##### Data section #####

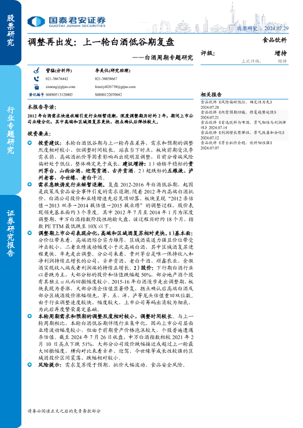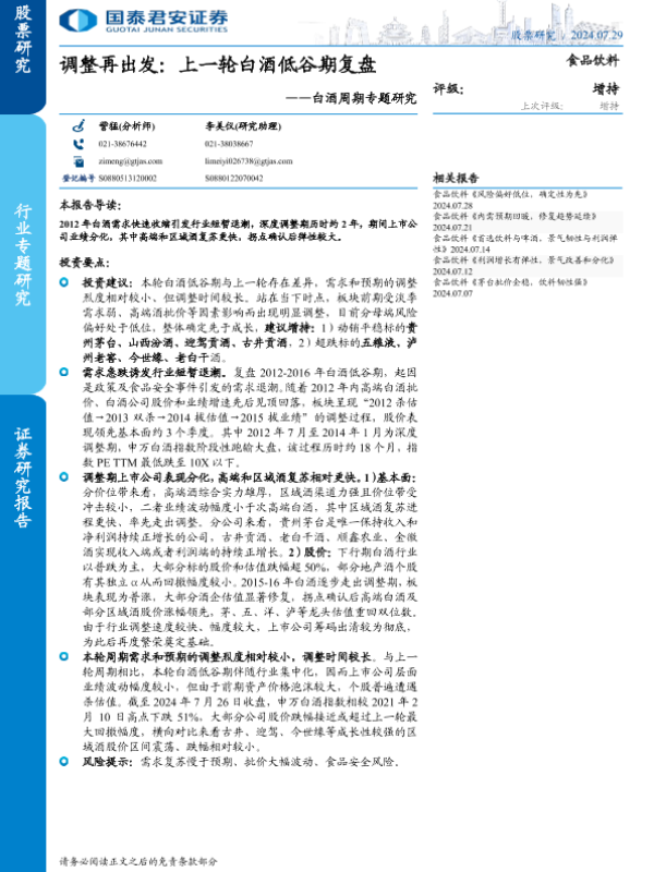 【国泰君安证券】【20240729】2024年11月05日更新-食品饮料行业白酒周期专题研究:调整再出发上一轮白酒低谷期复盘-16页
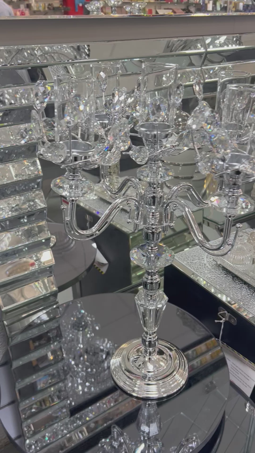 Diseño con 5 brazos y portavelas decorados con cristales
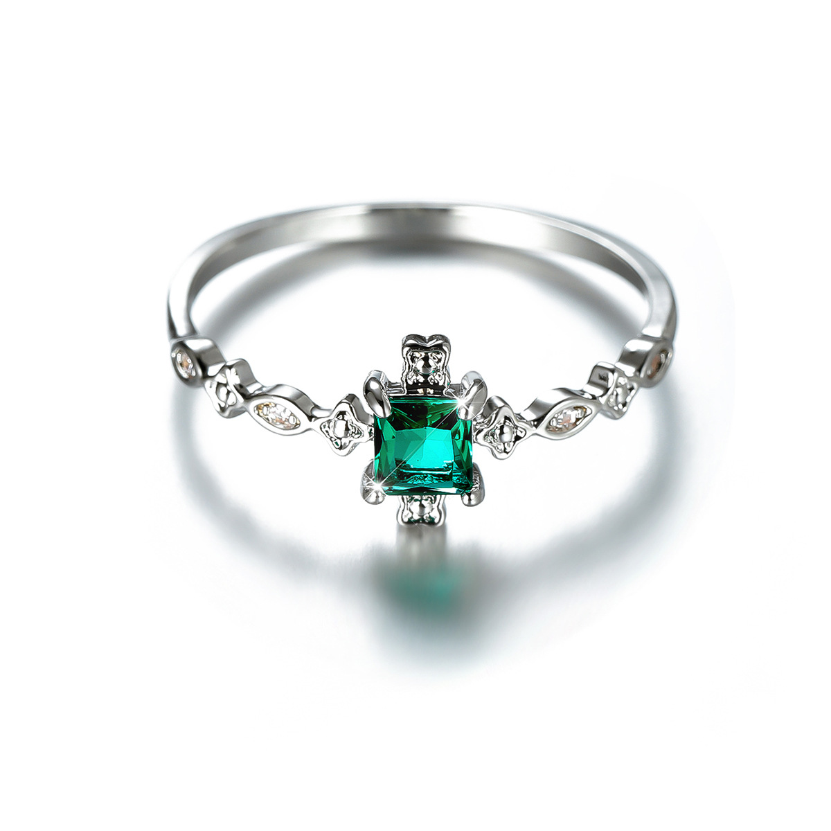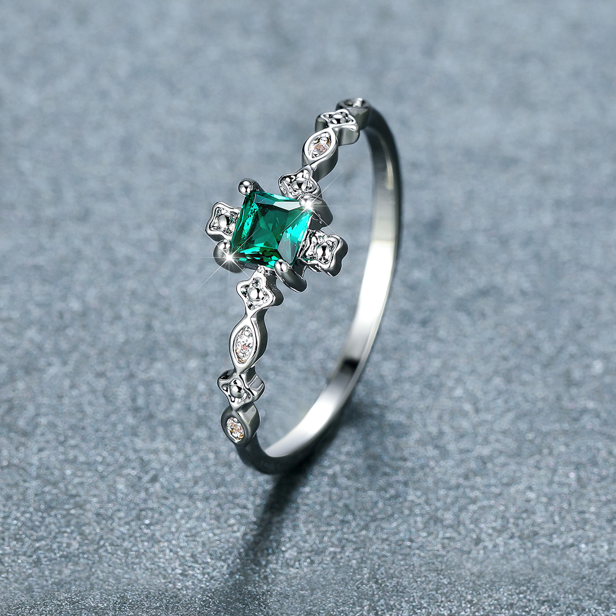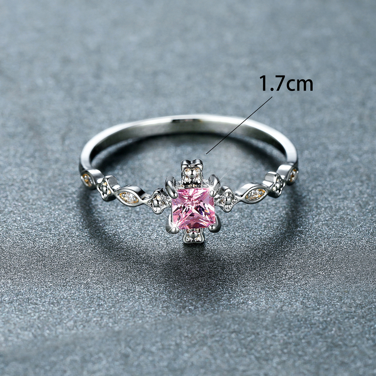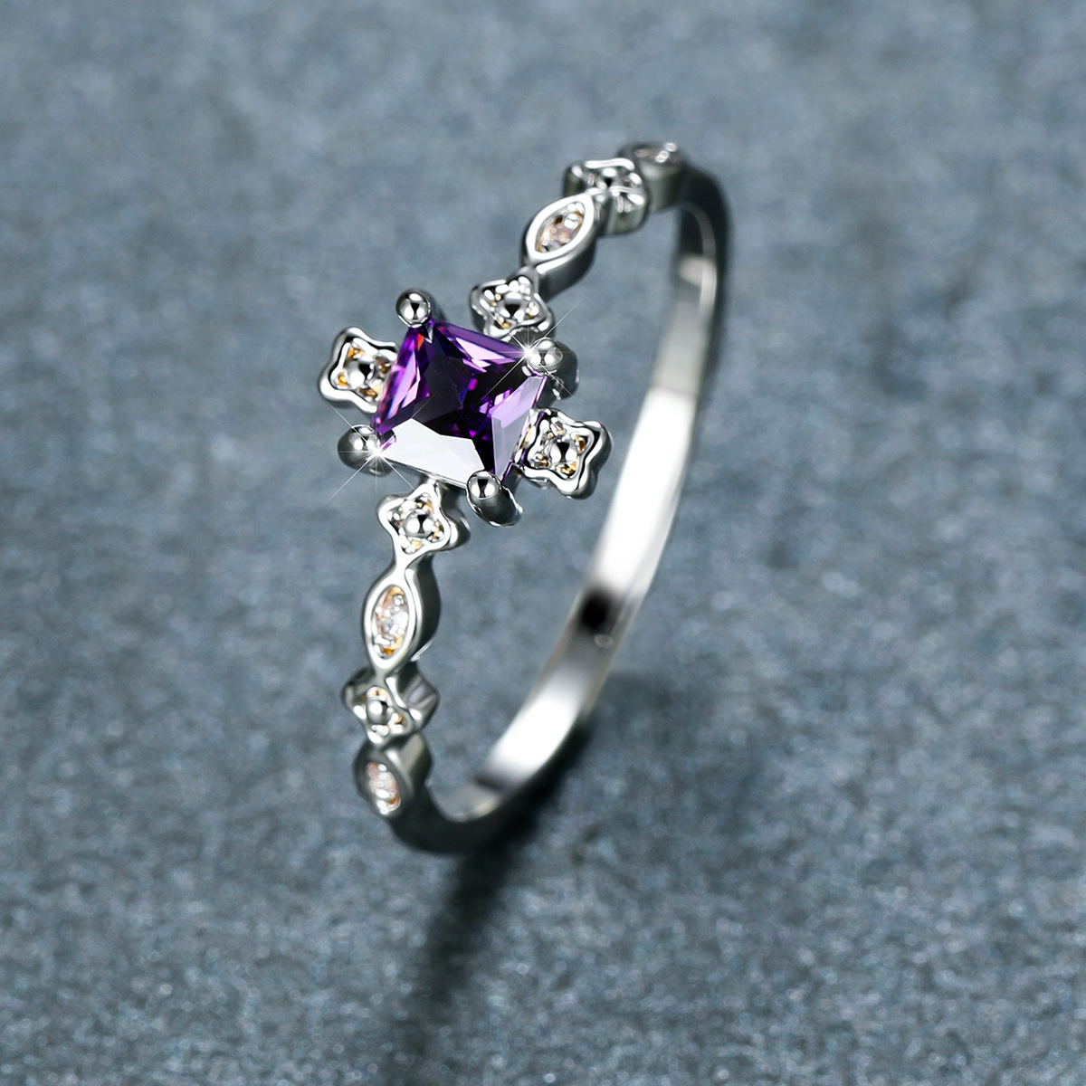 Color: white gold inlaid with black square zircon, white gold inlaid with purple square zircon, white gold inlaid with green square zircon, white gold inlaid with pink square zircon, white gold inlaid with red square zircon.

#####

### Requirement
Every line above is to be written out unchanged, with the pictures omitted.

### Answer for this exercise
 【国泰君安证券】【20240729】2024年11月05日更新-食品饮料行业白酒周期专题研究:调整再出发上一轮白酒低谷期复盘-16页
 Diseño con 5 brazos y portavelas decorados con cristales
 Color: white gold inlaid with black square zircon, white gold inlaid with purple square zircon, white gold inlaid with green square zircon, white gold inlaid with pink square zircon, white gold inlaid with red square zircon.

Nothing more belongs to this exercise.